It works for any ring in which at most one prime is not invertible (in particular it works for any field). In other words, if there is a ring homomorphism $\mathbb{Z}_{(p)} \rightarrow R$ for some prime $p$ (where $\mathbb{Z}_{(p)}$ is the ring of $p$-local integers), then $\mathbb{Z}$ can be replaced with $R$ in Rim's theorem.

The reason is the following: Let $H \leq G$ and consider the restriction functor $$\text{Res}_H^G: RG\text{-Mod} \rightarrow RH\text{-Mod}$$ and its left adjoint $$\text{Ind}_H^G: RH\text{-Mod} \rightarrow RG\text{-Mod} .$$ Then we have

Proposition: If $|G:H|$ is invertible in $R$, then the counit of the adjunction $\text{Ind}_H^G \dashv \text{Res}_H^G$ has a right inverse.

Proof. Let $E$ denote the set of left cosets of $H$ in $G$. For every $RG$-module M, define $$\alpha_M: M \rightarrow \text{Ind}_H^G\text{Res}_H^G(M) = RG \otimes_{RH} M$$ by $$\alpha_M(m) = \frac{1}{|G:H|}\sum_{gH \in E} g \otimes g^{-1}m$$ From here it is straightforward to check that $\alpha_M$'s are well-defined, $RG$-linear, natural in $M$ and the resulting natural transformation $\alpha$ is a right inverse to the counit $\varepsilon: \text{Ind}_H^G\text{Res}_H^G \rightarrow 1_{RG\text{-Mod}}$.

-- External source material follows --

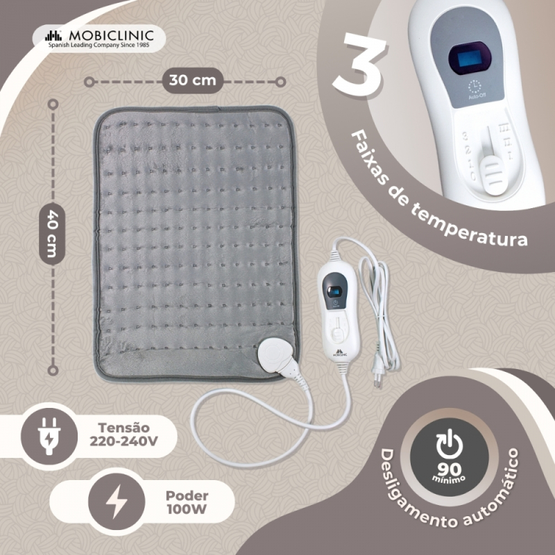 Almofada aquecimento elétrico | 40x30cm | 3 níveis calor | Consumo baixo | Custo mínimo | Desligamento automático | Mobiclinic

Corollary: If $|G:H|$ is invertible in $R$, then an $RG$-module $M$ is projective if and only if $\text{Res}_H^G(M)$ is projective.

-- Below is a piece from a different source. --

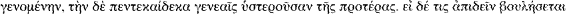 27. It is even easier to see the result in the following way – which may approximate to Dionysius' method of working. He ceases to mention ordinals for the kings after Ascanius: their reigns (given individually) total 387. Adding this composite reign to year T + 43 (Ascanius' last regnal year), we get T + 430 for Amulius' 42nd and last regnal year. The year for part of which he reigned, when the fatal Lupercalia occurred, and for the latter part of which Numitor reigned, is the next one (T + 431), and represents Numitor's first regnal year. Numitor's second regnal year is of course the next one – T + 432 – and in accordance with Dionysius' expression in which T + 1 is protos and so on, T + 432 is ‘the 432nd’. There is no reason why it should be the 433rd. The expression is equivalent to that used of Cato in 1.74.2 ![]()
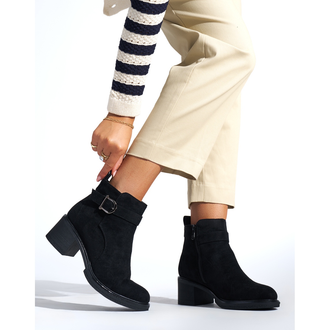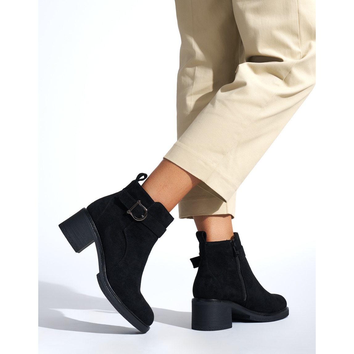 Les bottes sont caractérisées par un talon construit et raidi, qui garantit la stabilité lors de la marche. Grâce à la semelle en plastique lisse, se déplacer dedans est confortable, et en outre leur hauteur atteignant la cheville ajoute une élégance. Un nez rond et un type complet de nez rendent les bottes non seulement élégantes, mais aussi confortables pour les doigts.

Proof. Only if direction is clear. If $\text{Res}_H^G(M)$ is projective, so is the induced module $\text{Ind}_H^G\text{Res}_H^G(M)$, which has a direct summand isomorphic to $M$ by the above proposition. Hence $M$ is projective.

Now if every prime other than $p$ is invertible in $R$, let $H \in \text{Syl}_p(G)$ and apply the above corollary; we get the analogue of Rim's theorem for $R$.